The heatmap below shows 10 minute SPY returns depending on the 20-minute fast stochastic oscillator (called kfast here) applied to 5-second bar closes of SPY(vertical axis) and VIX(horizontal axis). The oscillator measures the current price relative to the price range in the last 20 minutes. So, when it takes on a value of 0 it means a new 20-minute low, whereas 1 would be a new 20 minute high. The color of each bin is the mean divided standard deviation (i.e. sharpe ratio, not annualized) for all the 10 minute returns that fall in it.

We can see that rise in SPY with drop in VIX is generally bullish (bottom left orange corner). Rising VIX along with SPY is bearish (bottom right), and so is falling SPY and dropping VIX (top left).

The data used here is 5-second bars for SPY and VIX for 370 trading days starting on 2008/01/10.

Friday, April 24, 2009

Intraday market action leading up to FOMC (Fed) Meetings


You know the drill. We will look at the last several FOMC meetings, and the days that preceded it to gain a sense of what market behavior to expect for the week of April 27. There is a Fed meeting on Wednesday, April 29.

The attached graph consists of a series of subplot. In each subplot we show the price of SPY for all the days up to and including FED day. So, the very last color (yellow) is the day of the Fed meeting. The only exception is the bottom right subplot in which I use the current day (Friday, April 25th) in order to give a sense of what the market has been like in the period leading up to now.

One notable thing is how many fakeouts (mostly down, then up) there are on the day of the announcement, and the overall high volatility of the days preceding it. This is always talked about by traders, and it is nice to observe directly in the data.

Friday, March 20, 2009

Options Expiration Intraday Action


Friday March 20 2009 is quadruple witching expiration. Traders believe that expiration days are difficult to trade and market makers and others play a variety of tricks in order to settle their positions.

I am not sure what the proper way to trade options expiration is, but thought I should assemble intraday prices of SPY (ETF tracking S&P 500) from options expiration Fridays (and some Thursdays) of the last year. Each square in the grid is the intraday SPY price for the options expiration Friday in the title, as well as the trading days preceding it. There are a few bad prints in the data, which I did not have time to correct, but I think it is still quite useful.

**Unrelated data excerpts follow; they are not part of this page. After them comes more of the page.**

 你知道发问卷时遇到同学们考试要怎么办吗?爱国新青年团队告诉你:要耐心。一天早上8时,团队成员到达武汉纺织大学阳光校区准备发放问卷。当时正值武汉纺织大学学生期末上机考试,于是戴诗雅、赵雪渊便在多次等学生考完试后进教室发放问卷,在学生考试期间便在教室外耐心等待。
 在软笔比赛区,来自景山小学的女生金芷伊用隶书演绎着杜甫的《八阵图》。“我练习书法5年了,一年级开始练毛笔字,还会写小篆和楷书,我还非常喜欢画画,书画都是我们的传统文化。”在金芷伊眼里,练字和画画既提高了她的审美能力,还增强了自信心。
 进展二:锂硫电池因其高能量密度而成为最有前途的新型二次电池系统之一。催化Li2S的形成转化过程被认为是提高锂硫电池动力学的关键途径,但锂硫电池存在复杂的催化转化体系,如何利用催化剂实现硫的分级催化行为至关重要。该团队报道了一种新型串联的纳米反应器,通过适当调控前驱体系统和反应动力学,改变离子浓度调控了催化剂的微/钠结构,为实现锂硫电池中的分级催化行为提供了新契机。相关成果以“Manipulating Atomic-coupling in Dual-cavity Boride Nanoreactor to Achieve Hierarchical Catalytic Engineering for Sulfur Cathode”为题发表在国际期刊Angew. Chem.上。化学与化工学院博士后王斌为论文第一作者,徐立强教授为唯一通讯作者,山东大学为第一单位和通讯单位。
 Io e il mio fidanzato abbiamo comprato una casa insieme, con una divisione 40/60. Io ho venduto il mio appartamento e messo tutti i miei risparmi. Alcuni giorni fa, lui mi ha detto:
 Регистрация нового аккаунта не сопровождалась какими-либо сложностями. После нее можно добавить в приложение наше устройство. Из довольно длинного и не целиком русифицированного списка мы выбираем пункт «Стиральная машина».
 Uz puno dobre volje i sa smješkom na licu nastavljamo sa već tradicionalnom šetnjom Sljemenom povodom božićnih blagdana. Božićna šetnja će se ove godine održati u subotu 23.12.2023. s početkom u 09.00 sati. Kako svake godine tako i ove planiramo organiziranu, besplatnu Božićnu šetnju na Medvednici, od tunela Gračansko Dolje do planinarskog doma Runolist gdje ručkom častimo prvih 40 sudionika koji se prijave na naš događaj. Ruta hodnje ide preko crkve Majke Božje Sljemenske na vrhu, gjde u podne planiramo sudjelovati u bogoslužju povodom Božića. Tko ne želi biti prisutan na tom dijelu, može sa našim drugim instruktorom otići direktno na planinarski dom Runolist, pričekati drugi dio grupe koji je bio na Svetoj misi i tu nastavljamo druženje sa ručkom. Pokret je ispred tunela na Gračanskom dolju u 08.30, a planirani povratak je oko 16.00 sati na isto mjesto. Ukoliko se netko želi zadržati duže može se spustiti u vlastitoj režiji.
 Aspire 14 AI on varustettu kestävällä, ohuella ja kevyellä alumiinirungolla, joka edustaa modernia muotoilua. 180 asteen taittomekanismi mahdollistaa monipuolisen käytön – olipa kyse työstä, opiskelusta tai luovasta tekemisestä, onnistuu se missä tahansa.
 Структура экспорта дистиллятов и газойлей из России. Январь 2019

These are interesting to look at and maybe guide your decision making somehow, though admittedly the sample is small.

Friday, October 24, 2008

Market Woes

Currently, the market is focused on punishing everything not explicitly bailed out by the government. So specs will hammer all stocks/asset classes/governments/etc. until the government takes a slice or allows to fail. Insurance companies are set to be bailed out, so hedge funds and governments are on target right now. If we don't hear something on Sunday afternoon, it might get ugly Monday morning with fear, shutdowns and default rumors swirling.

Tuesday, September 18, 2007

Financial Markets Visualization

As I was driving in my car, I was pondering the regime-switching nature of the world financial markets. I wondered about how the relationships between the performance of various asset classes or industry groups evolve over time. For example, we all know that at certain times small caps outperform large-caps. More interestingly, there are times when the movement in short term interest rates may be positively or negatively correlated with the general market, depending on the underlying fundamental worries in the period. Does the market experience regime switches, which completely break the existing correlations between its various segments?

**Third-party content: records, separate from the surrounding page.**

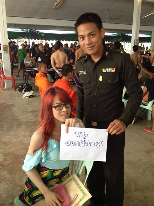 ล่าสุด วันนี้ (9 เมษายน 2557) ผู้สื่อข่าวรายงานว่า เฟซบุ๊กแฟนเพจ Drama-addict ได้ออกมาเฉลยแล้วว่า เรื่องทหารหนุ่มกับสาวประเภทสองที่ถูกสื่อประโคมข่าวนั้นเป็นเพียงมุกขำ ๆ ของเฟซบุ๊กแฟนเพจโดราแก๊กเท่านั้น โดยมีข้อความดังนี้
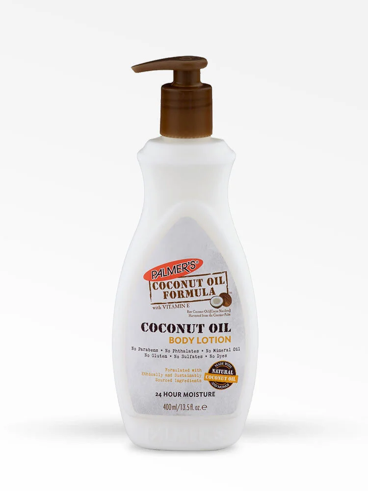 El loción corporal de aceite de coco de Palmer contiene altos niveles de ácidos grasos y proteínas naturales que son esenciales para mantener la piel radiante y saludable.
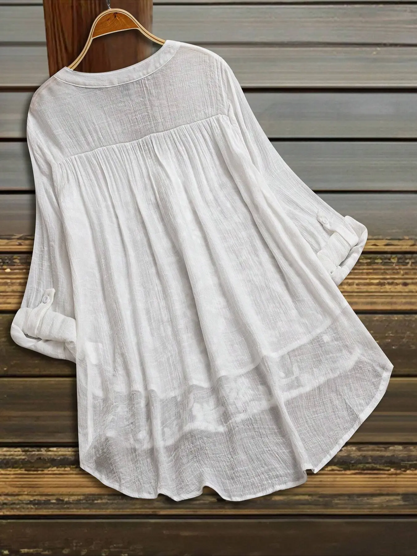 5. Plus Size Solid Color Long Sleeve V Neck Casual Shirt Blouse, Fashionable Comfortable Fit for Daily Wear, Perfect for Layering and Leisure
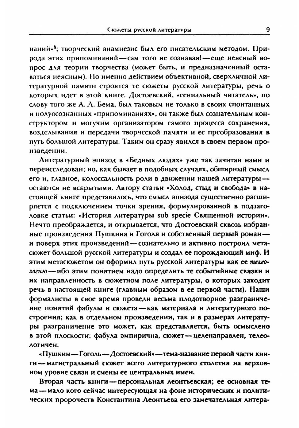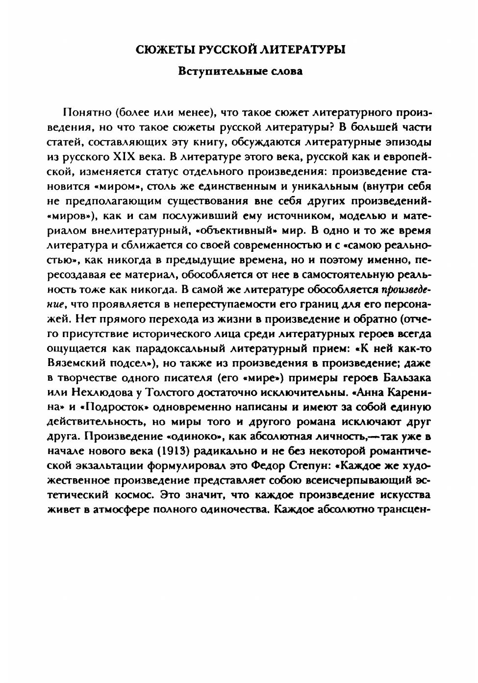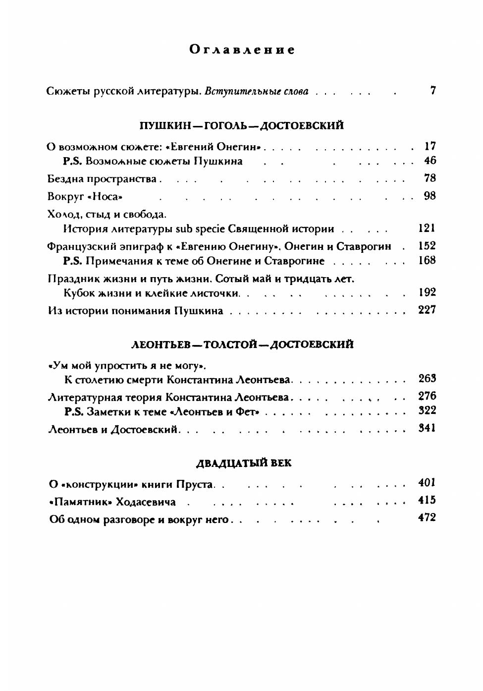 Книга сложилась из работ, написанных за последние 10 лет (все написаны после выхода последней книги автора «О художественных мирах», 1985). Сквозная тема книги сформулирована ее заглавием. «Сюжеты русской литературы» - это действия и события, совершавшиеся в пространстве русской литературы главным образом XIX века, но и нашего столетия тоже, магистральные сверхсюжеты, смысловые линии, просекающие это пространство. «Пушкин - Гоголь - Достоевский» - тема-название первой части книги - главный сюжет столетия на верховном уровне связи и смены ее центральных имен. Контакты и отношения между такими произведениями, как «Евгений Онегин», «Повести Белкина», «Нос», «Шинель», «Бедные люди», «Бесы», «Братья Карамазовы», и образуют сюжеты, развивающиеся в поле целой литературы. В статьях, образующих эту первую и главную часть книги, ставятся такие общие темы, как «История литературы sub specie Священной истории» (статья «Холод, стыд и свобода»), понимание Пушкина русской мыслью от Гоголя и Достоевского до Андрея Синявского и Андрея Битова («Из истории понимания Пушкина»). Трем главным именам в этой части аккомпанируют присутствующие также в ее статьях Баратынский, Языков, Аполлон Григорьев, Константин Леонтьев. Последнему имени посвящена персональная вторая часть книги - леонтьевская: «Леонтьев - Толстой - Достоевский». Ее основная тема - замечательная литературная теория Леонтьева, содержавшая пророческие для будущей теории литературы и поэтики зерна. Большая статья - «Леонтьев и Достоевский». Третья часть - «Двадцатый век». В центре этой части - несколько материалов полумемуарно полутеоретического характера о жизненной и научной судьбе и филологически-философском учении М.М. Бахтина. Другие герои этой части - Владислав Ходасевич, Марсель Пруст (единственный выход за тему «сюжетов русской литературы», впрочем, Пруст имеет также к ним отношение), А.Д. Синявский, Андрей Битов, Людмила Петрушевская, Александр Михаилов. Для научных работников, широкого круга специалистов.
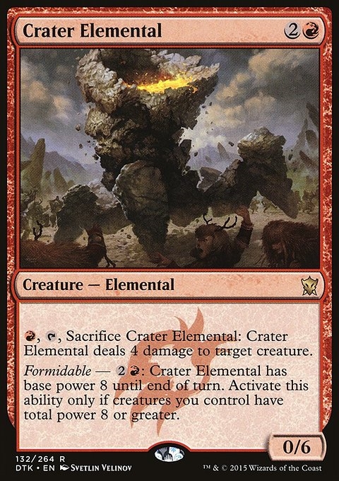 {R}, {T}, Sacrifice Crater Elemental: It deals 4 damage to target creature. Formidable — {2}{R}: Crater Elemental has base power 8 until end of turn. Activate this ability only if creatures you control have total power 8 or greater.
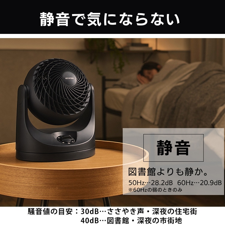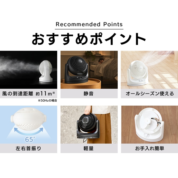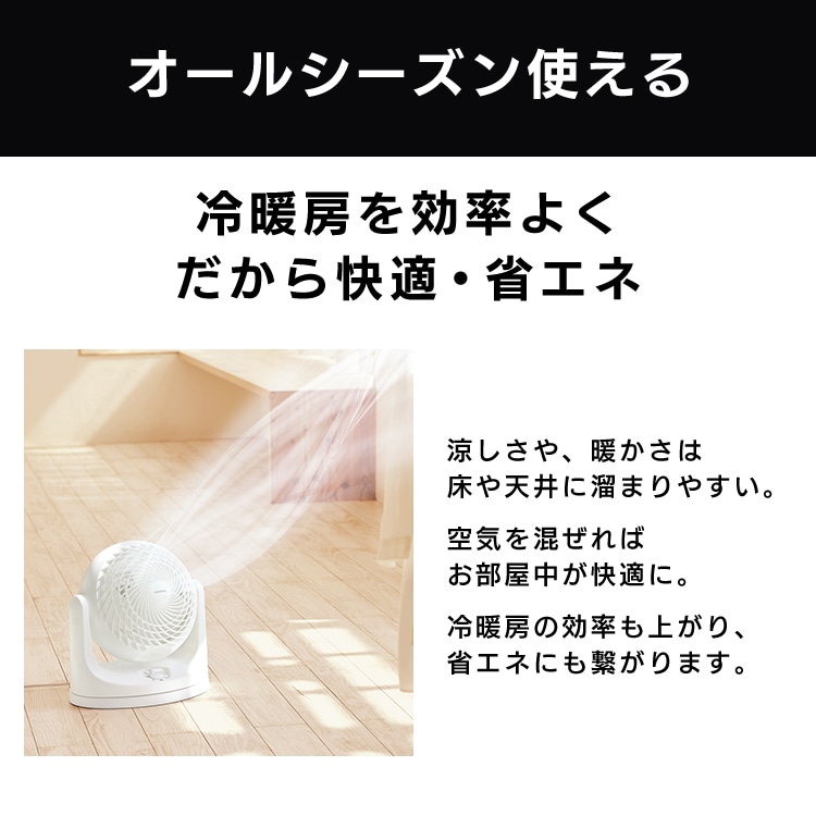 エアコンと併用して夏は冷気を部屋全体へ、冬は暖かい空気を足元へ循環し一年中使えます。

Even if I can't directly answer the above questions, I decided they should be easily quantifiable and with a few hours of work I should be able to produce a cool visualization that somehow illuminates the inner workings of the market.

Since I haven't worked with financial data recently, my first task was to somehow acquire a reasonable dataset to work with. Yahoo! Finance was perfect for the task due to the easily automatable downloading of data using its "Save as Spreadsheet" link. A couple of python scripts later, I had an automated pipeline of scripts that would allow me to download and merge (there are often missing days for some of the timeseries) data for arbitrary tickers. As a proxy for various market segments, I searched for ETFs which have been in existence since at least 1998, and settled on the following ones: EWJ, MDY, SPY, XLE, XLF, XLP, XLU, XLV, along with the transportation index ^DJT and ^IRX and ^TNX for the 90-day bill and 10-year bond. My dataset seem reasonably representative of the complexities of the market spanning industries, countries, and company sizes.

As customary, I converted my dataset of absolute prices to N-day relative log returns (I tried N of 1 ,2, and 5 and used N=2 in the graphs below.) My visualization scheme idea was to split up the time series into non-overlapping periods of K days, and produce a graph showing the similarity between pairs of periods. So, for example I should be able to see that the market right now is really different from the market in 2001.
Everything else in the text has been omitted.